Allison Troy is an assistant professor in the Department of Psychology at Franklin & Marshall College. She received her BA in Psychology from North Carolina State University, and her MA and PhD in Affect/Social Psychology from the University of Denver under the mentorship of Dr. Iris Mauss. Dr. Troy’s research focuses on the relationships between emotion regulation and mental health in adults, with a particular emphasis on understanding how emotion regulation contributes to resilience to stress. Much of her research has focused on measuring individual differences in emotion regulation using multi-method paradigms (i.e., self-report, physiology, and behavior) to predict psychological health. In more recent work, Dr. Troy has focused on understanding how the links between emotion regulation and mental health are powerfully moderated by context, including the types of stressors that people face (e.g., stressor controllability) as well as the socio-cultural contexts that individuals inhabit (e.g., socioeconomic status). In current projects, Dr. Troy is investigating the effects of emotion regulation on mental and physical health in the aftermath of racial discrimination and political distress, respectively.

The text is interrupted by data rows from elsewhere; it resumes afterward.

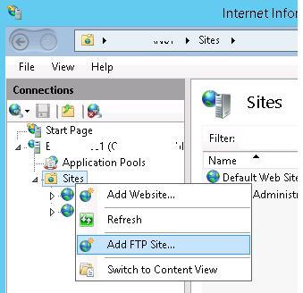 Create a new FTP site (Sites -> Add FTP Site).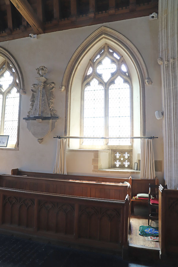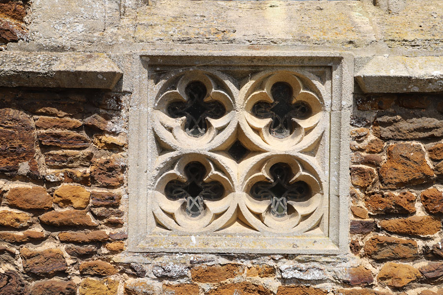 General view of the north side of the chancel, with the low side window, more elaborate than its south side counterpart, and very close to the western end of the chancel. This was likely installed in the mid c14. The two three-light Perpendicular windows were probably installed much later. It is possible that this low side window was installed in the original c13 chancel prior to the c14 re-building, and may pre-date the low window on the south side. Internally the north opening is deeply splayed, particularly towards the east and is unadorned, while the south opening has a finely carved lintel. This also points to the north window pre-dating that in the south. See next slides...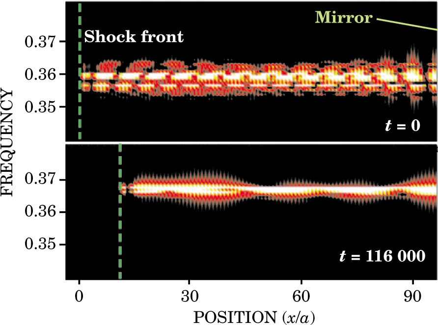 Figure 2 shows snapshots of the evolving light. Initially, light with a well-defined frequency approaches the shock front. As the light interacts with the front, the frequency of the light blurs, but generally ratchets upward. The result of the trapping and ratcheting of light is a pulse with a well-defined, raised frequency. Pulses exit at a rate set by the time required for the shock front to travel one lattice period.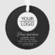 Fügen Sie Ihr Logo mit der Werbeaktion Black Holiday Ornament Custom Text Company. Fügen Sie Ihr Logo in die Vorlage ein und passen Sie den Text, den Firmennamen, die Adresse und die Kontaktinformationen auf der Vorder- und Rückseite an. Werbeaktion oder Schenkung für Ihre Kunden und Geschäftspartner.

Dr. Brett Ford is the director of the Affective Science & Health Laboratory at the University of Toronto. She received her Ph.D. in social-personality from the University of California, Berkeley after receiving a B.A. in psychology and M.A. in social-personality psychology from Boston College. Her research centers on two inter-related questions. First, what do people believe about emotions? Second, what strategies do people use to regulate their emotions? Using multi-method and interdisciplinary approaches, she examines the nature of these beliefs and strategies, the factors that shape them, and their implications for well-being and healthy functioning.

Wolf Mehling is a professor of family and community medicine at the UCSF Osher Center for Integrative Medicine. Trained in family medicine, manual medicine, breath awareness and psychotherapy, he cares for patients with chronic pain. His research focuses on how patients can benefit when switching from thinking to sensing, from disembodied cognition to being mindful and present in their bodies.

Emily Falk is an Associate Professor of Communication, Psychology, and Marketing at the University of Pennsylvania. Prof. Falk employs a variety of methods drawn from communication science, neuroscience and psychology. Her work traverses levels of analysis from individual behavior, to diffusion in group and population level media effects. In particular, Prof. Falk is interested in predicting behavior change following exposure to persuasive messages and in understanding what makes successful ideas spread (e.g. through social networks, through cultures). Prof. Falk is also interested in developing methods to predict the efficacy of persuasive communication at the population level. At present, much of her research focuses on health communication, including recent work exploring neural predictors of increased sunscreen use, neural predictors of smoking reduction, and linking neural responses to health messages to population level behavioral outcomes; other areas of interest include political communication, cross-cultural communication, and the spread of culture, social norms and sticky ideas. Prof. Falk received her bachelor’s degree in Neuroscience from Brown University, and her Ph.D. in Psychology from the University of California, Los Angeles (UCLA).